Aunque había leído varios libros sobre el "México bronco'', creo que caí en la cuenta de lo peculiar que es la violencia mexicana hace quince años, durante un viaje con Isabel, mi mujer, a Sudamérica. El aprendizaje ocurrió gracias a un método infalible de caracterización psicológica: los chistes.

"¿Mexicanos?'', nos dijo el guía en el tren a Macchu Pichu. "Este era un general que le preguntó a otro: ¿le gustan las flores, compadre? Sí. Y vaciándole la pistola le dijo: Pues mañana recibirá muchas''. Todos rieron menos nosotros. En Buenos Aires, nuestra siguiente estación, ya no fue un modesto guía el que nos describió con un chiste cruel sino un escritor extraordinario: José Bianco: "¡México! ¿Cómo olvidar ese aviso en un diario?: Mató a su madre con una máquina de escribir... sin causa justificada''.

Nos hemos acostumbrado a una violencia cotidiana, sorda, una violencia de alarma y alerta. Sólo en México (o quizá en Turquía) se leen noticias periodísticas que informan tranquilamente sobre asaltos perpetrados... por policías. ¿De dónde proviene esta familiaridad? De nuestra historia.
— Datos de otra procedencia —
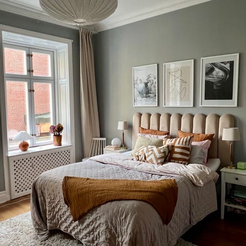 Sänggavel i fint ljusbeige linne tyg, 180 cm. Djur och rökfritt hem.
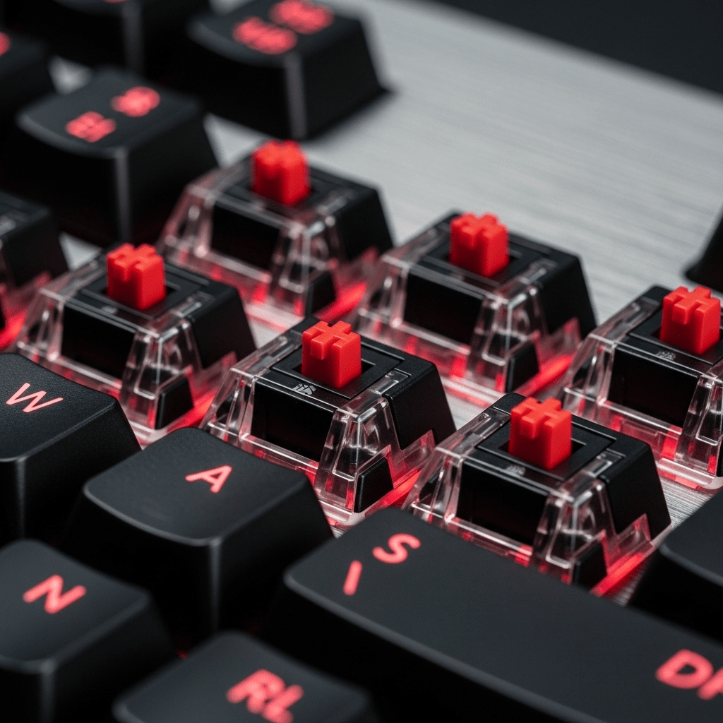 Switches Cherry MX Red (réactifs, silencieux, durables).
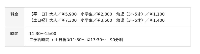 NEW YEARブッフェ料金
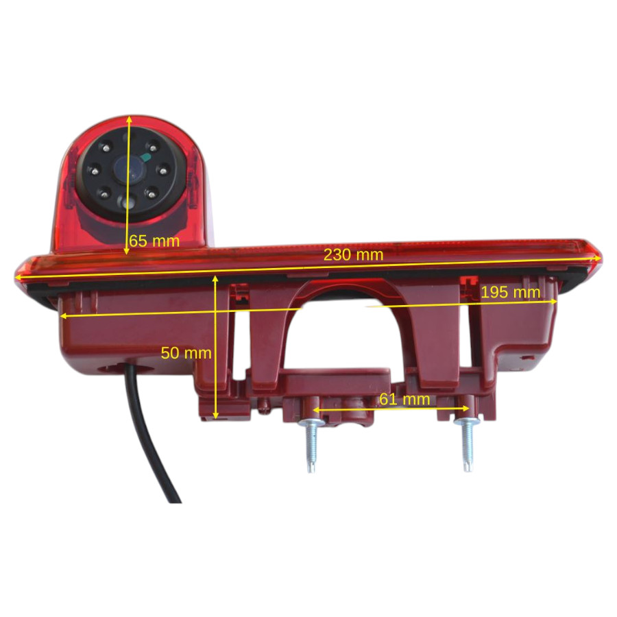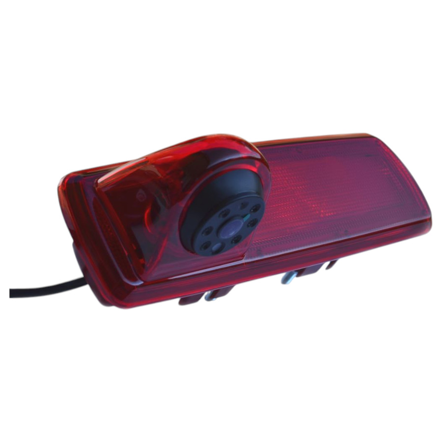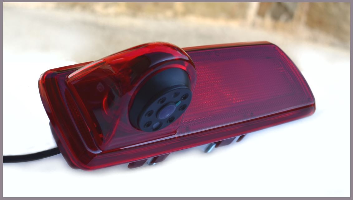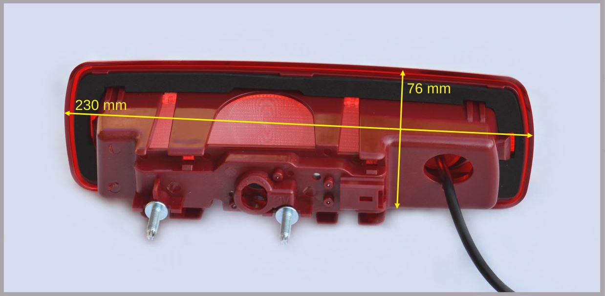 Vodoodporna avto kamera z zavorno lučko za Renault Trafic, Opel Vivaro 2014, mere: 23 x 7.6 x 6.5 cm – senzor CCD 768×494 PAL, 120°, IR 8x vidljivost v temi približno do 9 m, priložen video kabel 10 m 4PIN + RCA adapter
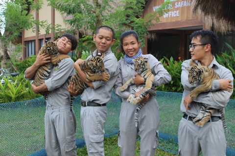 Après 102 jours d’attente, les tigresses du Bengale sont enfin pleines, et elles ont été particulièrement chouchoutées par les équipes du parc. Le 1er juin, date qui coïncidait en plus avec la Journée internationale des enfants, C9 a mis deux petits au monde, et ont été prénommés Phu et Quôc. Huit jours plus tard, c’est au tour de C8 de donner naissance là aussi à deux tigres, Hiêu et Thao.
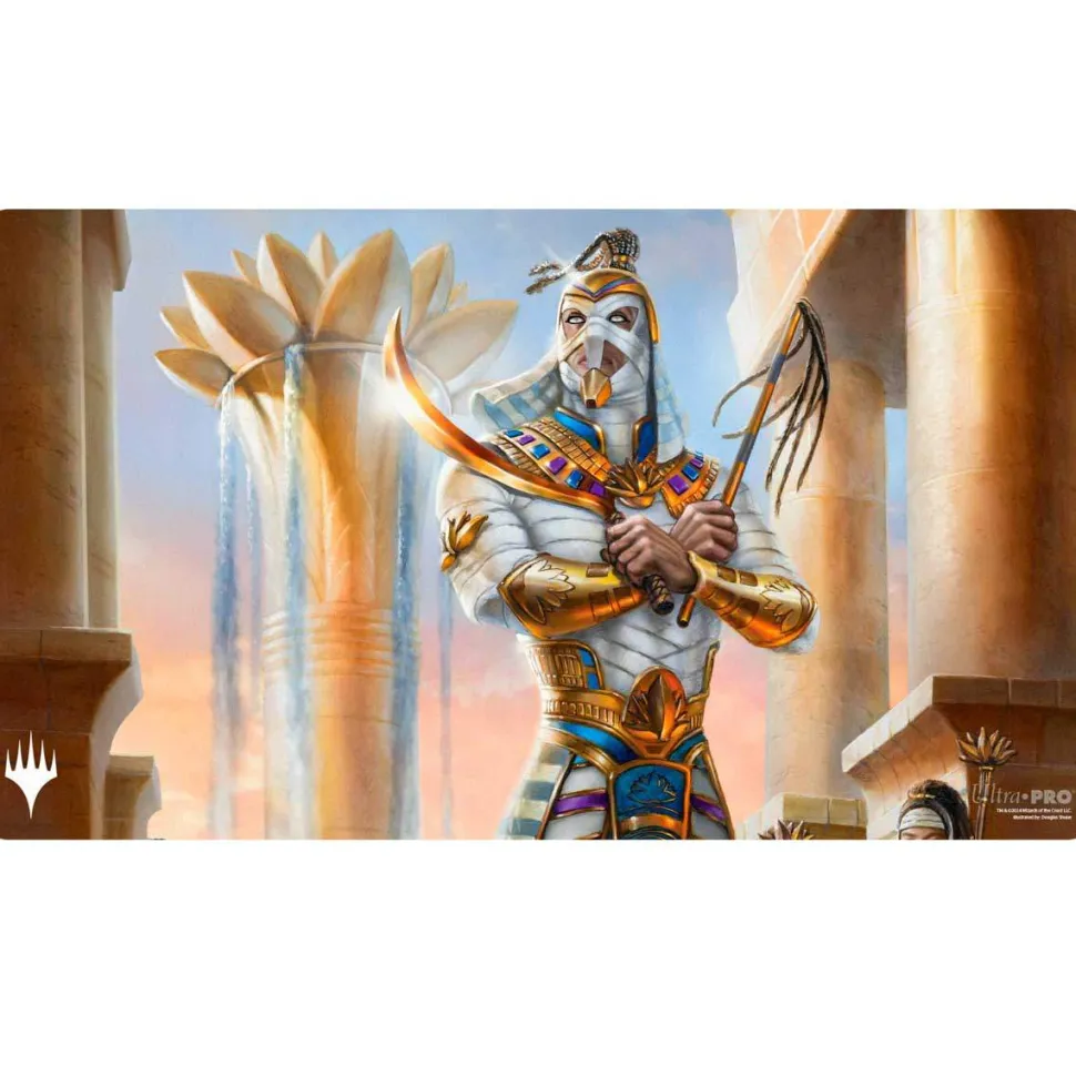 Playmats featuring popular Magic: The Gathering artwork. Made with a soft fabric top to reduce damage to cards during play and a non-slip rubber backing to keep the playmat from shifting during use, playmats enhance the gameplay experience. With dimensions of approximately 24 in. x 13.5 in., a playmat also makes an excellent oversize mousepad for home or office.

Jung hubiera anclado la explicación en los sacrificios humanos de los aztecas y, en general, de todos los pueblos de Mesoamérica. A juzgar por un libro reciente (Aztecs) de una investigadora australiana llamada Inge Clendinnen, Jung hubiese tenido razón. Los sacrificios no eran un capítulo ancilar de la vida prehispánica, eran un centro vital y quizá el centro vital de su concepción del mundo y su cotidianeidad. Es atroz leer en Sahagún los detalles preparatorios de los sacrificios y su detallada mecánica, pero más atroz aún es atestiguar la participación voluntaria, embriagada, festiva a veces, de las víctimas en su propia muerte.

Esta tradición guerrera y sacrificial tuvo un clímax en la Conquista. Durante el Siglo XVI México fue el escenario de varias guerras locales de expansión, resistencia y conquista. Aunque durante los siglos XVII y XVIII no faltaron los encuentros violentos (batallas contra los nómadas, filibusteros, piratas), la tradición violenta se interrumpió. La violencia en esa época (estudiada por William Taylor en un libro magistral sobre Oaxaca y el Valle de México) se originaba más en rencillas privadas (embriaguez, pasiones) que en motivos políticos o religiosos. Con todo, a pesar de su larga duración, la siesta colonial no erradicó los viejos hábitos. El grito de Dolores en 1810 los despertó para que no descansaran más.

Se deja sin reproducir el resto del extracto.